> [Task statement]: From the entries below, write out exactly the lines between the line holding "Готовая домашняя работа" and the line holding "Economy shelf bin, 17-7/8″W", inclusive, excluding any pictures.

> [Provided information]:
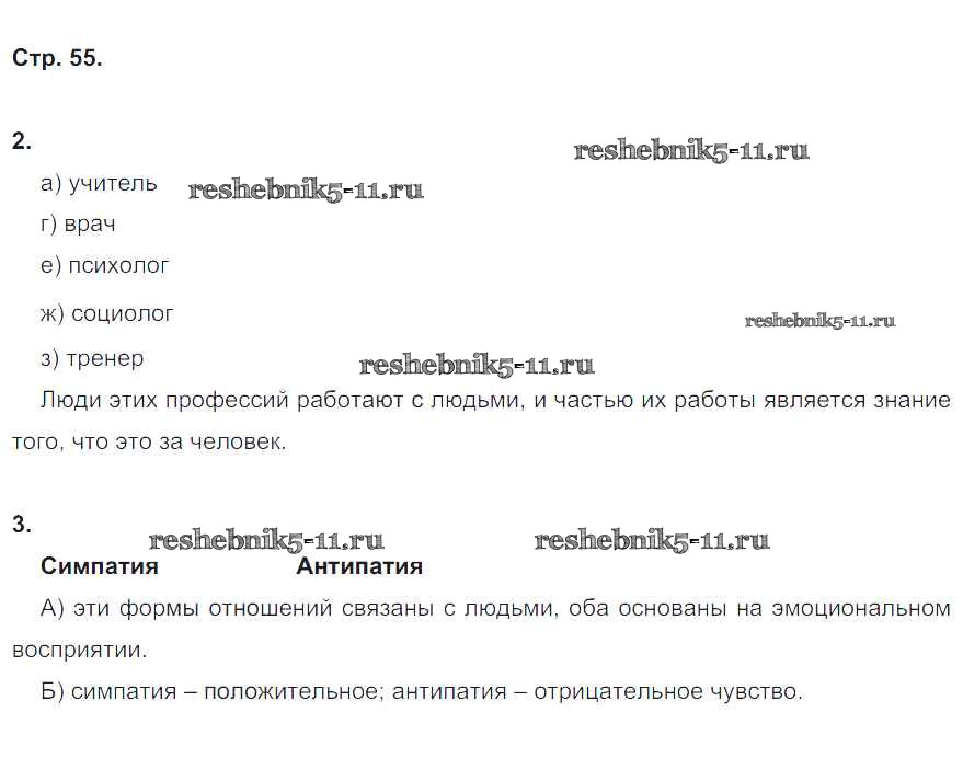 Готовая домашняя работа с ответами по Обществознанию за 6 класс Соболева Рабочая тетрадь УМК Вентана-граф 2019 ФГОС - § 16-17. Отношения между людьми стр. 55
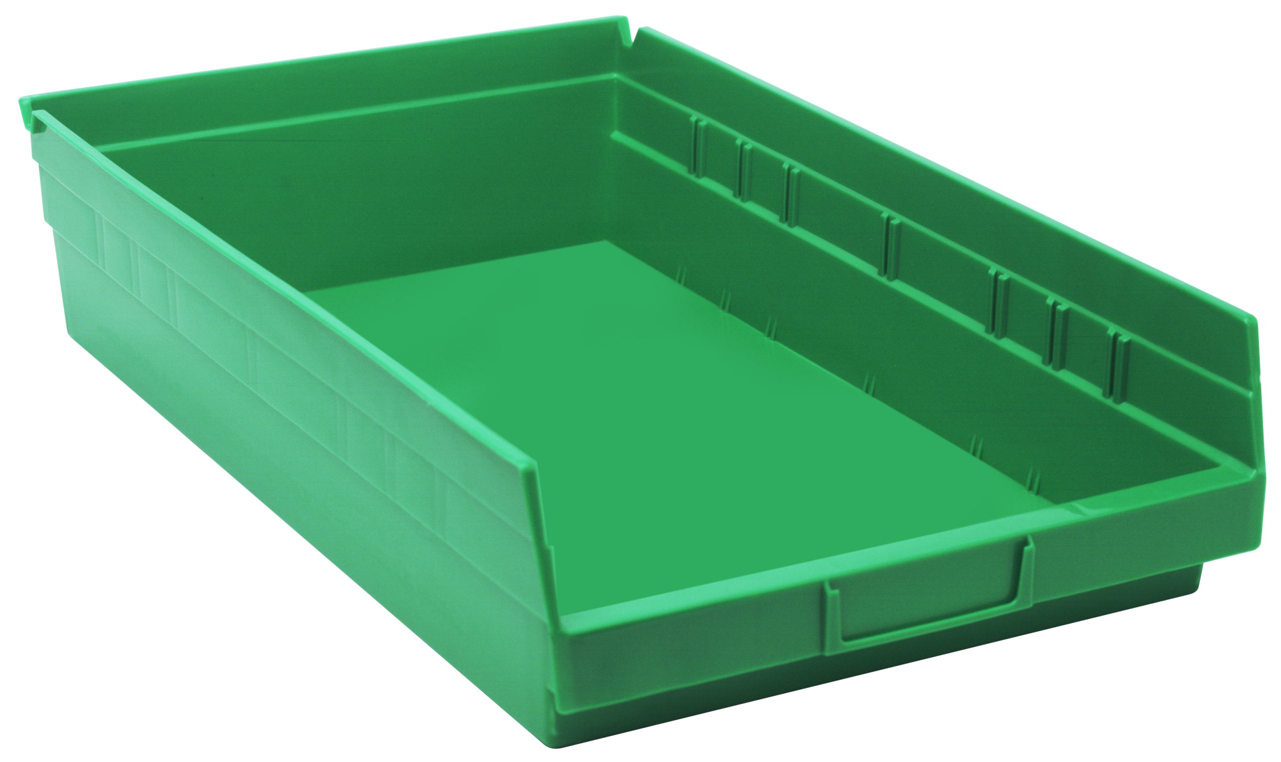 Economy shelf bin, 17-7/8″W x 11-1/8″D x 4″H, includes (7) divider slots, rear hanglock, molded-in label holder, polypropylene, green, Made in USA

==

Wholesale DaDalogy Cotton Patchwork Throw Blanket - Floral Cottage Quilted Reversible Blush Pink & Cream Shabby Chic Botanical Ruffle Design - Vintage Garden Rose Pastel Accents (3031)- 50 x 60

> [Exercise response]:
 Готовая домашняя работа с ответами по Обществознанию за 6 класс Соболева Рабочая тетрадь УМК Вентана-граф 2019 ФГОС - § 16-17. Отношения между людьми стр. 55
 Economy shelf bin, 17-7/8″W x 11-1/8″D x 4″H, includes (7) divider slots, rear hanglock, molded-in label holder, polypropylene, green, Made in USA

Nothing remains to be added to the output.